§ Problem details: Everything in the listing should be copied exactly, save for the pictures.

§ Provided material:
++++++++

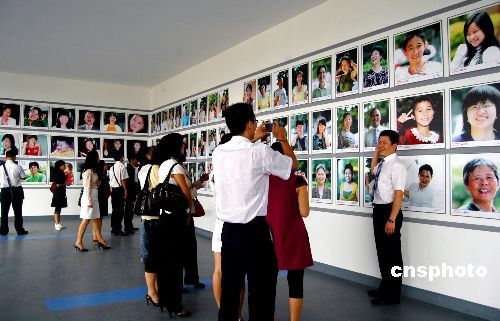 10月24日,在第六屆全國農(nóng)民運(yùn)動會開幕之際,燦爛泉州2008大型攝影展在福建泉州海峽體育中心開展。采自泉州地區(qū)各行各業(yè)人群的2008張“笑臉”圖片,在環(huán)海峽體育中心主體育館二樓進(jìn)行展示,成為福建最大的“笑臉墻”。中新社發(fā) 傅丹丹 攝
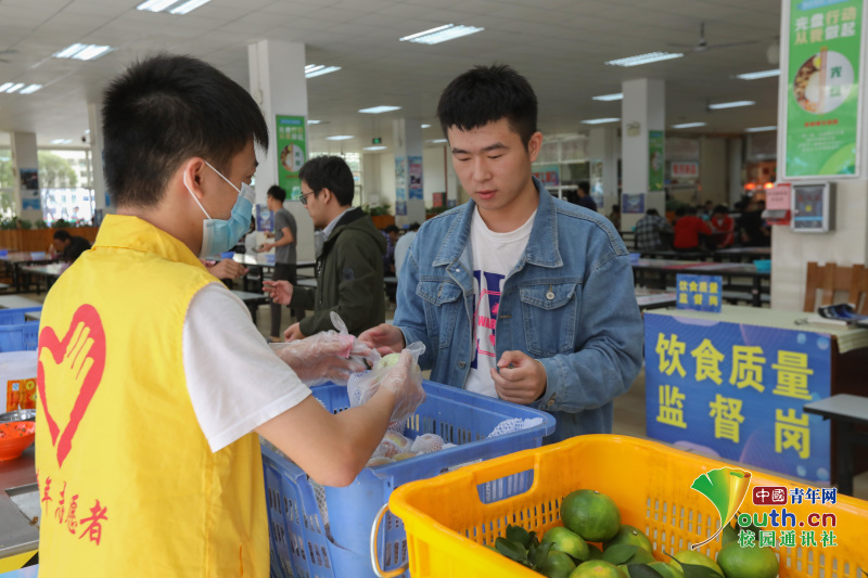 图为同学“光盘”后领取水果 中国青年网通讯员 殷颖杰 摄
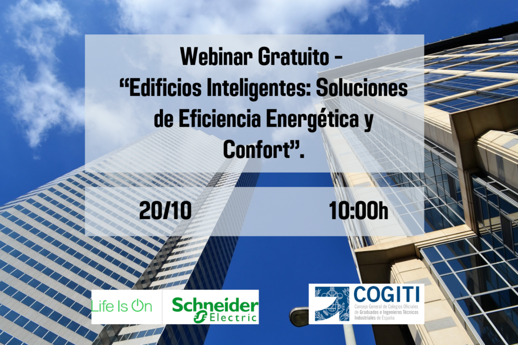 El Consejo General, los Colegios Oficiales y Schneider Electric continuamos con el ciclo de “Los miércoles tecnológicos” presentando el próximo Webinar Gratuito titulado “Edificios Inteligentes: Soluciones de Eficiencia Energética y Confort”, que tendrá lugar el 20 de octubre de 2022 a las 10:00 horas.
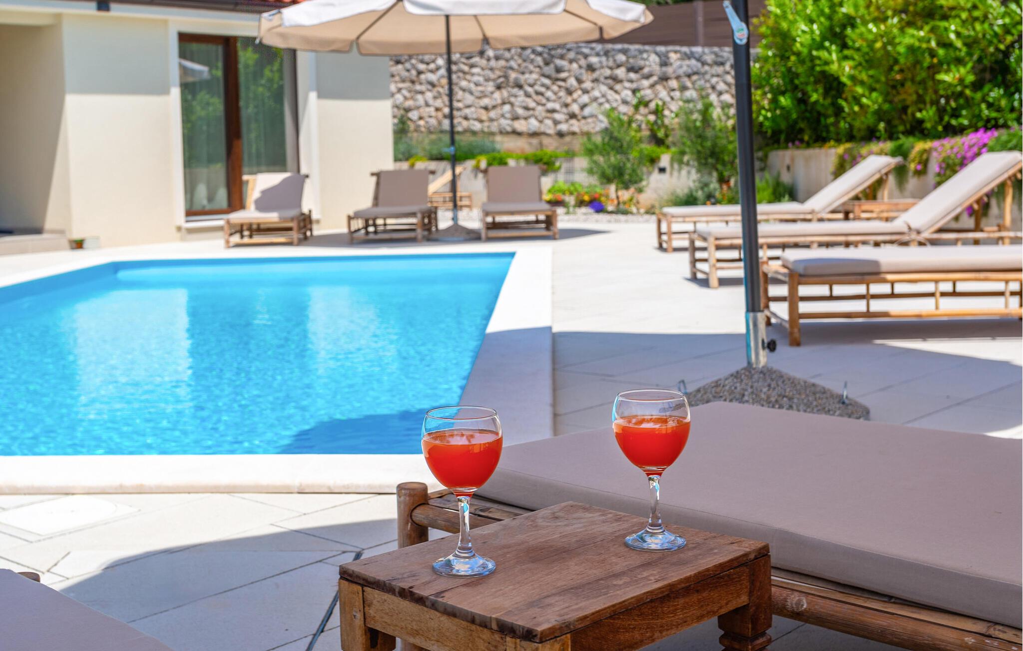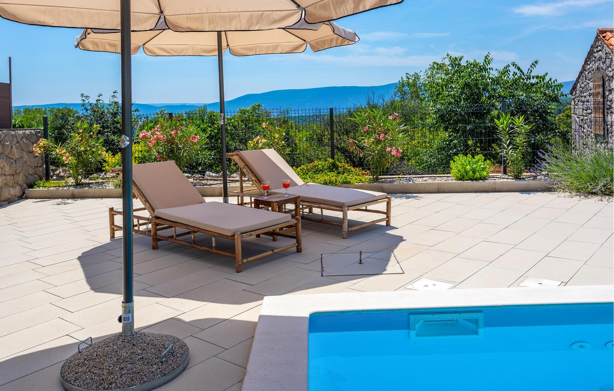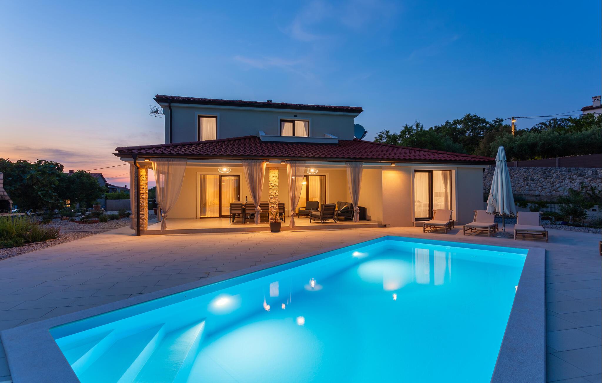 Dette vakre og moderne feriehuset ligger omgitt av natur, og ønsker deg velkommen med en stor terrasse og basseng.

++++++++

§ Response to this task:
 10月24日,在第六屆全國農(nóng)民運(yùn)動會開幕之際,燦爛泉州2008大型攝影展在福建泉州海峽體育中心開展。采自泉州地區(qū)各行各業(yè)人群的2008張“笑臉”圖片,在環(huán)海峽體育中心主體育館二樓進(jìn)行展示,成為福建最大的“笑臉墻”。中新社發(fā) 傅丹丹 攝
 图为同学“光盘”后领取水果 中国青年网通讯员 殷颖杰 摄
 El Consejo General, los Colegios Oficiales y Schneider Electric continuamos con el ciclo de “Los miércoles tecnológicos” presentando el próximo Webinar Gratuito titulado “Edificios Inteligentes: Soluciones de Eficiencia Energética y Confort”, que tendrá lugar el 20 de octubre de 2022 a las 10:00 horas.
 Dette vakre og moderne feriehuset ligger omgitt av natur, og ønsker deg velkommen med en stor terrasse og basseng.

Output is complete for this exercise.